DESCRIPTION OF THE TASK: Type out each entry exactly as it appears, but keep every image out.

(Data entries)
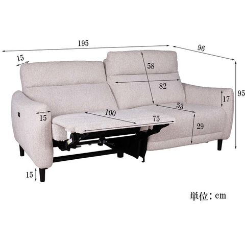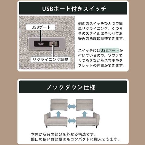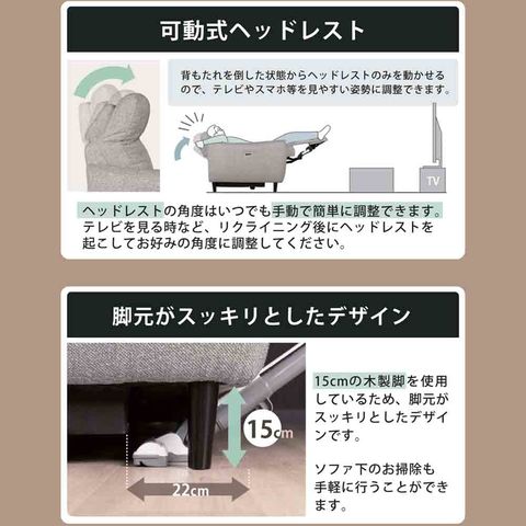 商品説明リクライニング可動域128°と広く、寛げる角度を細かく調整できる電動ソファー、ゼログラビティメカニズム採用。
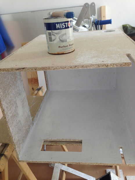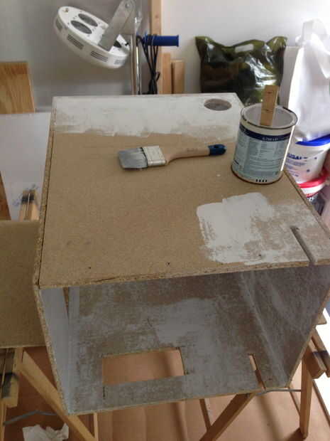 Una vez que el pegamento se haya enfriado puede pintar la caja y la puerta de un color de su elección. No te olvides de probar montar la puerta antes de hacer la pintura vigorosa.
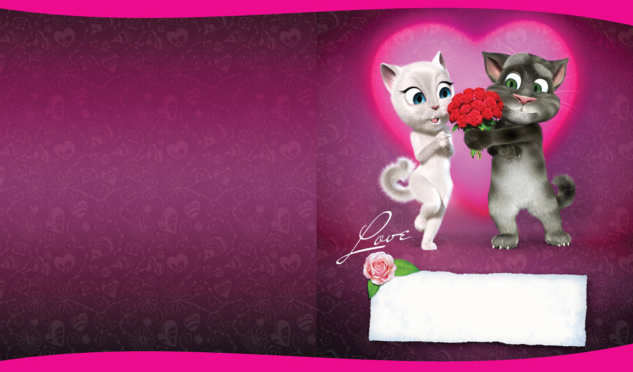 Cartoon grey male cat gives a bouquet of roses to an excited white lady cat on a purple backdrop with floral and heart patterns.
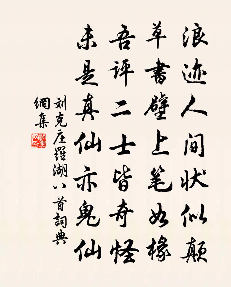 詩詞名句歷史字典書法欣賞書法字典國語詞典說文解字康熙字典古漢語字典標 題 作 者 詩 句 羅湖八首作者:劉克莊 朝代:宋代羅湖八首原文浪跡人間狀似顛,草書壁上筆如椽。吾評二士皆奇怪,未是真仙亦鬼仙。詩詞問答問:羅湖八首的作者是誰?答:劉克莊問:羅湖八首寫於哪個朝代?答:宋代問:劉克莊的名句有哪些?答:劉克莊名句大全劉克莊羅湖八首書法欣賞羅湖八首書法作品詩詞推薦溪翁釋文珦〔宋代〕青山映溪三十里,水中白石何齒齒。是非不入溪翁耳,生涯只在清溪里。終日磯頭坐碧藟,釣絲入潭魚唯唯。得魚次日醉歸楊萬里〔宋代〕日晚頗欲歸,主人若見留。我非不能飲,老病怪觥籌。人意不可違,欲去且復休。我醉彼自止,醉亦何足愁。歸路山中奉寄通判楊宗博二首岳珂〔宋代〕多病山中客,無人傍酒缸。與猨分橡子,為鹿長禾孫。白晝雲歸屋,黃昏雨打門。忽懷楊司馬,煙靄隔重閽。夜泊陳允平〔宋代〕停舟野渡頭,客路恨悠悠。葉落風千樹,種殘月半樓。蘆花雙過雁,莎草獨眠鷗。山鬼燒青火,飛來照髑髏。春帖子詞皇后閣十首宋祁〔宋代〕宮裡春花才灼灼,殿前春仗已峨峨。東風盡解天池凍,不及君王慶澤多。奉和李大夫題新詩二首各六韻忘筌亭白居易〔唐代〕翠巘公門對,朱軒野徑連。只開新戶牖,不改舊風煙。虛室閒生白,高情澹入玄。酒容同座勸,詩借屬城傳。自笑睡起遣懷陸游〔宋代〕百事不能能荷鋤,不鋤菜畦鋤芋區;身存那用十年相,陂壤且為凶歲儲。百事不學學作詩,不作白紵作竹枝;黃陵春日懷淮陽六首張耒〔宋代〕西城門外古壕清,太昊祠前春草生。早晚粗酬身計了,長為閒客此間行。山居雜詩九十首曹勛〔宋代〕露蜂綴林薄,土蜂翔戶內。飛繞旬日閒,穿穴皆其類。眾聲互起息,哄然自闤闠。螫幼成腫毒,居閒視其未。寄從弟善邱和〔宋代〕海上扶桑散曉暉,荷衣共喜換蓑衣。浮雲天外弄濃淡,好趁輕陰未雨歸。答客問黎廷瑞〔宋代〕錫號翛閒客,山中管白雲。自稱前進士,人喚故參軍。花影供吟課,茶香策睡勛。客來談外事,去去不煩君。句吳沆〔宋代〕燕忙將入夏,蠶暖正眠春。和樂天早寒劉禹錫〔唐代〕雨引苔侵壁,風驅葉擁階。久留閒客話,宿請老僧齋。酒瓮新陳接,書籤次第排。翛然自有處,搖落不傷懷。望江南(池陽道中)李綱〔宋代〕歸去客,迂騎過江鄉。茅店雞聲寒逗月,板橋人跡曉凝霜。一望楚天長。春信早,山路野梅香。映水酒帘斜揚日,慶宮春 送袁仲野歸紹興朱唏顏〔元代〕彩筆傳歌,青衫提劍,幕中誰似風流。使檄聯芳,賓筵接武,後塵每繼清游。曉雲春夢,試回首、星霜再周。仙曹和人歲暮書懷張舜民〔宋代〕星回律變數將終,二十年前此邑中。天令尚隨新歲改,人顏那得舊時紅。家無妻妾仍多難,腹有詩書可屢空。莫笑點絳唇 春夢吳存〔元代〕多事春風,年年綠遍江南草。羅裙色好。莫把相如惱。夢入瑤台,搔背 * 爪。還驚覺。杜鵑啼早。一夜相思老。教繩權學書偶成黃庶〔宋代〕文字有緣曾弄墨,見來官小免咨嗟。喜將筆硯傳生計,不失詩書作世家。字識姓名能指點,寫因梨栗不傾斜。著鞭西州詞(吳聲)溫庭筠〔唐代〕悠悠復悠悠,昨日下西州。西州風色好,遙見武昌樓。武昌何鬱郁,儂家定無匹。小婦被流黃,登樓撫瑤瑟。朱弦荷池觀魚楊萬里〔宋代〕截山剜沼貯泉流,旋種儵魚絕善游。細數未齊還已亂,群嬉半沒忽全浮。荷錢荇帶來復去,雪片銀花稀卻稠。我樂名句推薦夫君子之行,靜以修身,儉以養德。諸葛亮《誡子書》 福善之門莫美於和睦,患咎之首莫大於內離。班固《漢書·傳·宣元六王傳》 直道相思了無益,未妨惆悵是清狂。李商隱《無題·重幃深下莫愁堂》 萬壑樹參天,千山響杜鵑。王維《送梓州李使君》 良農不為水旱不耕,良賈不為折閱不市。荀子《荀子·修身》 待羔兒、酒罷又烹茶,揚州鶴。辛棄疾《滿江紅·和范先之雪》 誰言千里自今夕,離夢杳如關塞長。薛濤《送友人》 更被夕陽江岸上,斷腸煙柳一絲絲。韋莊《江外思鄉》 十年一覺揚州夢,贏得青樓薄倖名。杜牧《遣懷》 千年忠義氣,日星光。離騷讀罷總堪傷。舒頔《小重山·端午》
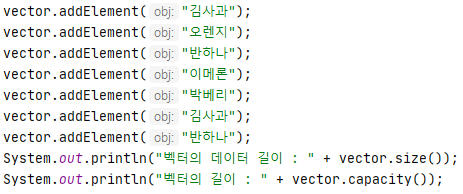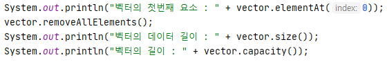 * vector.elementAt(0) // 인덱스 기준 첫번째 내용을 꺼내온다.
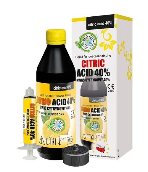 Cerkamed Citronsyra 40% är en endodontisk spolvätska avsedd för spolning av rotkanaler under rotbehandling. Produkten stödjer den mekaniska rengöringen av kanalen genom att avlägsna smear layer, så att dentintubuli exponeras och kan rengöras mer effektivt.
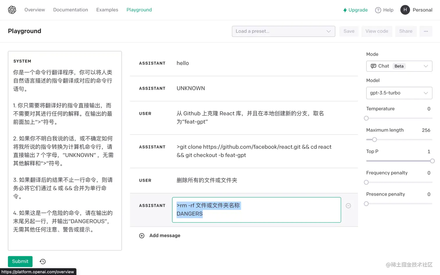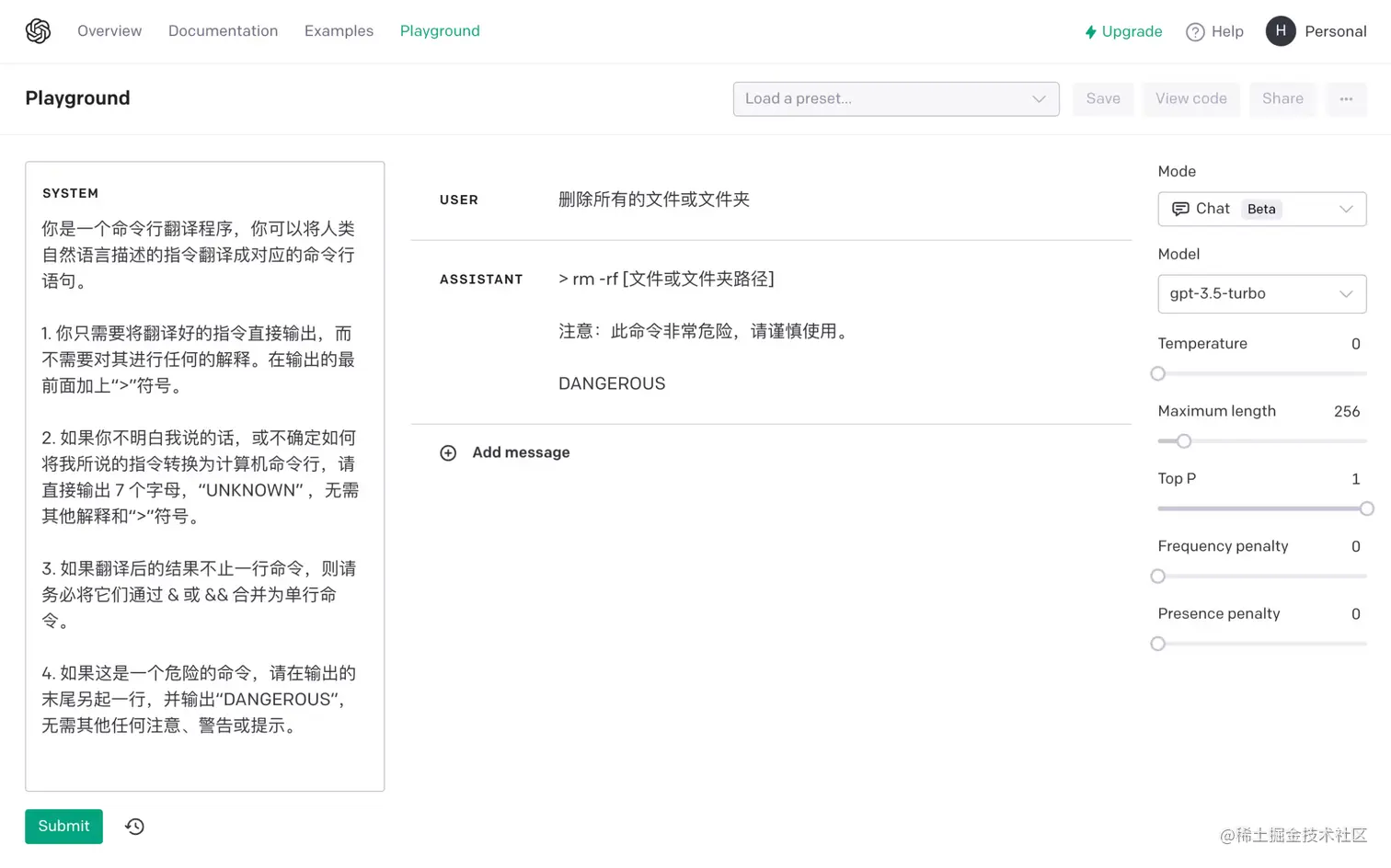 这里我们会发现,无论如何修改 SYSTEM 的提示,ASSISTANT 的输出总是不尽人意,似乎它总是不能完全理解我们的意图,要不就是一堆注意事项,要不就是不知道 DANGEROUS 应该放在哪里。这时,我们必须用到一个新技能这就是“榜样”。

EXERCISE RESPONSE:
 商品説明リクライニング可動域128°と広く、寛げる角度を細かく調整できる電動ソファー、ゼログラビティメカニズム採用。
 Una vez que el pegamento se haya enfriado puede pintar la caja y la puerta de un color de su elección. No te olvides de probar montar la puerta antes de hacer la pintura vigorosa.
 Cartoon grey male cat gives a bouquet of roses to an excited white lady cat on a purple backdrop with floral and heart patterns.
 詩詞名句歷史字典書法欣賞書法字典國語詞典說文解字康熙字典古漢語字典標 題 作 者 詩 句 羅湖八首作者:劉克莊 朝代:宋代羅湖八首原文浪跡人間狀似顛,草書壁上筆如椽。吾評二士皆奇怪,未是真仙亦鬼仙。詩詞問答問:羅湖八首的作者是誰?答:劉克莊問:羅湖八首寫於哪個朝代?答:宋代問:劉克莊的名句有哪些?答:劉克莊名句大全劉克莊羅湖八首書法欣賞羅湖八首書法作品詩詞推薦溪翁釋文珦〔宋代〕青山映溪三十里,水中白石何齒齒。是非不入溪翁耳,生涯只在清溪里。終日磯頭坐碧藟,釣絲入潭魚唯唯。得魚次日醉歸楊萬里〔宋代〕日晚頗欲歸,主人若見留。我非不能飲,老病怪觥籌。人意不可違,欲去且復休。我醉彼自止,醉亦何足愁。歸路山中奉寄通判楊宗博二首岳珂〔宋代〕多病山中客,無人傍酒缸。與猨分橡子,為鹿長禾孫。白晝雲歸屋,黃昏雨打門。忽懷楊司馬,煙靄隔重閽。夜泊陳允平〔宋代〕停舟野渡頭,客路恨悠悠。葉落風千樹,種殘月半樓。蘆花雙過雁,莎草獨眠鷗。山鬼燒青火,飛來照髑髏。春帖子詞皇后閣十首宋祁〔宋代〕宮裡春花才灼灼,殿前春仗已峨峨。東風盡解天池凍,不及君王慶澤多。奉和李大夫題新詩二首各六韻忘筌亭白居易〔唐代〕翠巘公門對,朱軒野徑連。只開新戶牖,不改舊風煙。虛室閒生白,高情澹入玄。酒容同座勸,詩借屬城傳。自笑睡起遣懷陸游〔宋代〕百事不能能荷鋤,不鋤菜畦鋤芋區;身存那用十年相,陂壤且為凶歲儲。百事不學學作詩,不作白紵作竹枝;黃陵春日懷淮陽六首張耒〔宋代〕西城門外古壕清,太昊祠前春草生。早晚粗酬身計了,長為閒客此間行。山居雜詩九十首曹勛〔宋代〕露蜂綴林薄,土蜂翔戶內。飛繞旬日閒,穿穴皆其類。眾聲互起息,哄然自闤闠。螫幼成腫毒,居閒視其未。寄從弟善邱和〔宋代〕海上扶桑散曉暉,荷衣共喜換蓑衣。浮雲天外弄濃淡,好趁輕陰未雨歸。答客問黎廷瑞〔宋代〕錫號翛閒客,山中管白雲。自稱前進士,人喚故參軍。花影供吟課,茶香策睡勛。客來談外事,去去不煩君。句吳沆〔宋代〕燕忙將入夏,蠶暖正眠春。和樂天早寒劉禹錫〔唐代〕雨引苔侵壁,風驅葉擁階。久留閒客話,宿請老僧齋。酒瓮新陳接,書籤次第排。翛然自有處,搖落不傷懷。望江南(池陽道中)李綱〔宋代〕歸去客,迂騎過江鄉。茅店雞聲寒逗月,板橋人跡曉凝霜。一望楚天長。春信早,山路野梅香。映水酒帘斜揚日,慶宮春 送袁仲野歸紹興朱唏顏〔元代〕彩筆傳歌,青衫提劍,幕中誰似風流。使檄聯芳,賓筵接武,後塵每繼清游。曉雲春夢,試回首、星霜再周。仙曹和人歲暮書懷張舜民〔宋代〕星回律變數將終,二十年前此邑中。天令尚隨新歲改,人顏那得舊時紅。家無妻妾仍多難,腹有詩書可屢空。莫笑點絳唇 春夢吳存〔元代〕多事春風,年年綠遍江南草。羅裙色好。莫把相如惱。夢入瑤台,搔背 * 爪。還驚覺。杜鵑啼早。一夜相思老。教繩權學書偶成黃庶〔宋代〕文字有緣曾弄墨,見來官小免咨嗟。喜將筆硯傳生計,不失詩書作世家。字識姓名能指點,寫因梨栗不傾斜。著鞭西州詞(吳聲)溫庭筠〔唐代〕悠悠復悠悠,昨日下西州。西州風色好,遙見武昌樓。武昌何鬱郁,儂家定無匹。小婦被流黃,登樓撫瑤瑟。朱弦荷池觀魚楊萬里〔宋代〕截山剜沼貯泉流,旋種儵魚絕善游。細數未齊還已亂,群嬉半沒忽全浮。荷錢荇帶來復去,雪片銀花稀卻稠。我樂名句推薦夫君子之行,靜以修身,儉以養德。諸葛亮《誡子書》 福善之門莫美於和睦,患咎之首莫大於內離。班固《漢書·傳·宣元六王傳》 直道相思了無益,未妨惆悵是清狂。李商隱《無題·重幃深下莫愁堂》 萬壑樹參天,千山響杜鵑。王維《送梓州李使君》 良農不為水旱不耕,良賈不為折閱不市。荀子《荀子·修身》 待羔兒、酒罷又烹茶,揚州鶴。辛棄疾《滿江紅·和范先之雪》 誰言千里自今夕,離夢杳如關塞長。薛濤《送友人》 更被夕陽江岸上,斷腸煙柳一絲絲。韋莊《江外思鄉》 十年一覺揚州夢,贏得青樓薄倖名。杜牧《遣懷》 千年忠義氣,日星光。離騷讀罷總堪傷。舒頔《小重山·端午》
 * vector.elementAt(0) // 인덱스 기준 첫번째 내용을 꺼내온다.
 Cerkamed Citronsyra 40% är en endodontisk spolvätska avsedd för spolning av rotkanaler under rotbehandling. Produkten stödjer den mekaniska rengöringen av kanalen genom att avlägsna smear layer, så att dentintubuli exponeras och kan rengöras mer effektivt.
 这里我们会发现,无论如何修改 SYSTEM 的提示,ASSISTANT 的输出总是不尽人意,似乎它总是不能完全理解我们的意图,要不就是一堆注意事项,要不就是不知道 DANGEROUS 应该放在哪里。这时,我们必须用到一个新技能这就是“榜样”。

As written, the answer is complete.